# Anyone familiar with gameranger? Safe?



## douglatins (May 14, 2009)

http://www.gameranger.com/

How does this work? is it like hamachi but for games? I´ve been meaning to try this. Any recommendations, thoughts?


----------



## TheMailMan78 (May 14, 2009)

douglatins said:


> http://www.gameranger.com/
> 
> How does this work? is it like hamachi but for games? I´ve been meaning to try this. Any recommendations, thoughts?



Man I think I used to use this YEARS ago on my Mac. Anyway I would just use steam if I were you.


----------



## Scott Kevill (May 14, 2009)

douglatins said:


> http://www.gameranger.com/
> 
> How does this work? is it like hamachi but for games? I´ve been meaning to try this. Any recommendations, thoughts?



It's safe, but I'm the developer of GameRanger, so you don't have to believe me.

Stardock has been recommending it for their recently released Demigod game, as you can see here.


----------



## Mussels (May 14, 2009)

Scott Kevill said:


> It's safe, but I'm the developer of GameRanger, so you don't have to believe me.
> 
> Stardock has been recommending it for their recently released Demigod game, as you can see here.



so does this work like hamachi as a VPN, or is it merely a lobby system with IP/port listings to join the games?


----------



## Scott Kevill (May 14, 2009)

Mussels said:


> so does this work like hamachi as a VPN, or is it merely a lobby system with IP/port listings to join the games?

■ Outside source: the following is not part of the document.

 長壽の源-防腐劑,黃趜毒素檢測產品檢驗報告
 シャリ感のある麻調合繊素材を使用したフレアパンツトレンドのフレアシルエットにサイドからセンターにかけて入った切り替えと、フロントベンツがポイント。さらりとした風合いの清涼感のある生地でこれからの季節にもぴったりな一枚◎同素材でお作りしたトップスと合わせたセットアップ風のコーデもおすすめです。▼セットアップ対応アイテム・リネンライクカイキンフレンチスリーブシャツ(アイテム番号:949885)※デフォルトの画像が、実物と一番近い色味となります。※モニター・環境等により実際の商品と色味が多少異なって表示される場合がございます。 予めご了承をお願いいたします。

It shares some surface similarities with Hamachi, but achieves its magic without needing to install network adapters or drivers, nor does it expose your whole computer to others, so it's a much safer and more reliable experience.

You don't have the limitations of lots of mini-networks that Hamachi does, and it's a lot quicker and simpler. The games are launched from GameRanger, and you're automatically dropped into their multiplayer waiting screens (or directly into the gameplay for FPS style games).

I guess you could think of it as a cross between Hamachi, GameSpy Arcade, and Xfire, but without the suck.

Hello from Perth, btw.


----------



## Mussels (May 14, 2009)

Scott Kevill said:


> It shares some surface similarities with Hamachi, but achieves its magic without needing to install network adapters or drivers, nor does it expose your whole computer to others, so it's a much safer and more reliable experience.
> 
> You don't have the limitations of lots of mini-networks that Hamachi does, and it's a lot quicker and simpler. The games are launched from GameRanger, and you're automatically dropped into their multiplayer waiting screens (or directly into the gameplay for FPS style games).
> 
> ...



sounds interesting. For games like say, supreme commander - where direct port connections dont work (direct IP join only works 1v1, you need hamachi to play with more players) will this work? (the games on the supported list, but i cant find a forum on your site to look for more details)


----------



## Scott Kevill (May 14, 2009)

Mussels said:


> sounds interesting. For games like say, supreme commander - where direct port connections dont work (direct IP join only works 1v1, you need hamachi to play with more players) will this work? (the games on the supported list, but i cant find a forum on your site to look for more details)



Absolutely, that's what it was designed for.

There is a forum, but it's tightly integrated with the app (seamless login, etc), so the app must already be installed to access the forum.


----------



## Mussels (May 14, 2009)

Scott Kevill said:


> Absolutely, that's what it was designed for.
> 
> There is a forum, but it's tightly integrated with the app (seamless login, etc), so the app must already be installed to access the forum.



ah. that would make sense.

it asks for a location: does that designate what servers you see, or is it merely for profile use?


----------



## Scott Kevill (May 14, 2009)

Mussels said:


> it asks for a location: does that designate what servers you see, or is it merely for profile use?



Only for profile and timezone. Timezone means that you'll see other users' local time correctly, and their last-login/logout time in your timezone, etc.


----------



## douglatins (May 14, 2009)

Uhm will try it then


----------



## Mussels (May 15, 2009)

i've signed up for it. wont be able to say how good it is til i can talk friends into signing up as well.


----------



## ajayrathode (Apr 27, 2011)

Scott Kevill said:


> It's safe, but I'm the developer of GameRanger, so you don't have to believe me.
> 
> Stardock has been recommending it for their recently released Demigod game, as you can see here.



hey,,can u pls answer for my question......how the game initialised and connected automatically without our commands...IS there any chance of saving the commands and executing them........or do u need to crack that program....pls tell me iam interested in knowing that...((i have  cross talk on it with my friend))


----------